For instance, my friend B is my single closest friend. He and I go back farther than anyone I know. His dad died not too long ago, and he has a newborn on his hands. He has a really hard time talking about his feelings...I know he's having a hard time letting go of his dad's death.
He's said a few times...things that, had I been caring about him, should have indicated to me that he needed me; so many times I just ignored it. I'm not ignoring those things anymore - he'd had a really hard day yesterday, and for the first time in a long time I put his needs in front of mine, and drove out to him with a couple of brews. (His baby-mama was out of the house, too, as she seems to be a lot. He's told me she leaves him alone kind of a lot, and when he's alone he cries to himself.)
I only bring this up as an example - you go through life thinking you care about people, but so often it's just pretend, and life's entirely too short to pretend.
C and I are actually not shook up at all. Better than ever. We did end up talking really intensely for a few days, about what turned into a much wider range of topics than just me and S.
I had a strange epiphany about it. Remember that "odd" feeling I'd had, how things just weren't quite right with me and C, even though we weren't fighting, or having any major problems? I'm about 99% sure I know what it was now. We hadn't connected emotionally in a long time. I realized something about C that I hadn't before. She feels secure and connected to me when I open up to her, and talk about my feelings with her. I've always (surprise surprise) had a really hard time talking about any of my feelings, and especially things that have to do with my upbringing - there was a lot of "soft" domestic violence in my home, and although my dad has a lot of good qualities, treating women correctly and caring about people was never one of his strong suits. It hurts me so bad to talk about some of those feelings, so I've always boxed them up.
Here's how I know. I've read that jealousy is indicative of something secondary, and I've also read that it stems because of an unmet need; it now makes perfect sense to me that C would be upset that I was having an emotional connection with someone when I hadn't had one with her in a long time - and still have trouble opening up to her when I do. When I talked to her, and opened up to her, the jealousy faded so quickly and was replaced by love and passion. She wasn't mad at me about S. She understood about S. She'd had her need to feel connected met, and I think that's what really put her at ease.
Going forward, I'm going to make sure THAT is the need that I meet, and it's a lot harder than what I'm used to. It's easy to buy someone a purse to make them feel superficially happy; it's much harder to share yourself and share your feelings with someone when you're not used to it. But that's what feeds her, and she was starved.
It feels so good knowing I have a lover who understands me. C isn't threatened by S as much/at all, even knowing "the whole story."
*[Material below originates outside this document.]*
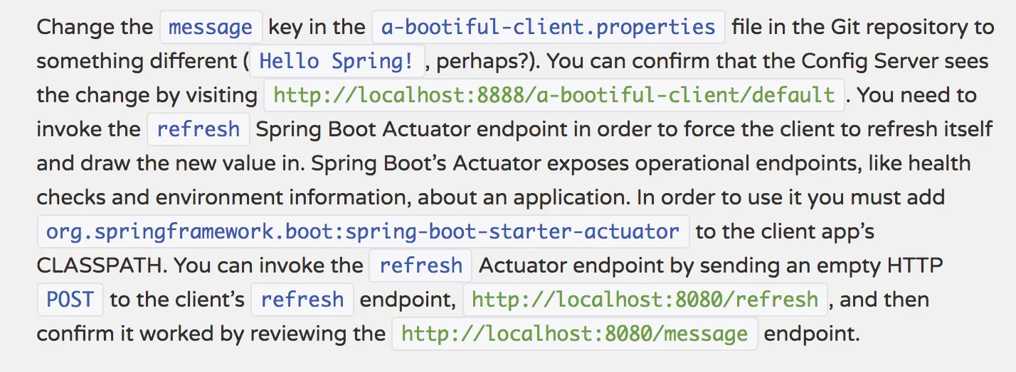 http://localhost:8888/a-bootiful-client/default来验证config服务器已经知道了改变,你需要调用refresh方法来强制客户端去获取新的值.......你可以通过使用post方法去请求http://localhost:8888/refresh来调用refresh方法,然后访问http://localhost:8080/message来验证是否生效。

You might have noticed I speak in metaphor a lot - I just find it helpful. I think I found my favorite one so far though, talking to B last night. I told him, human relationships aren't black and white, or even delineated by shades of grey. They're more like individual paintings; each one has it's own palette, with it's own mix of colors. When you paint a painting, sometimes you apply more of this color, or more of that color; if it's a relationship you care about, you really concentrate and pick the right colors to make it the...best painting you can. If you don't care, the colors sit on the palette, and mix, and get untidy, unkempt. You try to paint it and it's dirty, and doesn't look how you want it to. That's just my new favorite metaphor and I wanted to share it.
I thought for a while, "How can I start having the relationship I want with S?" ...and I kept thinking, and thinking. What I finally decided to do was send her a text message:
"How's life for you today?"
Nothing much different than something I've said to people a million times before. But this time, I care about the answer. And that's all I have to do to feel good.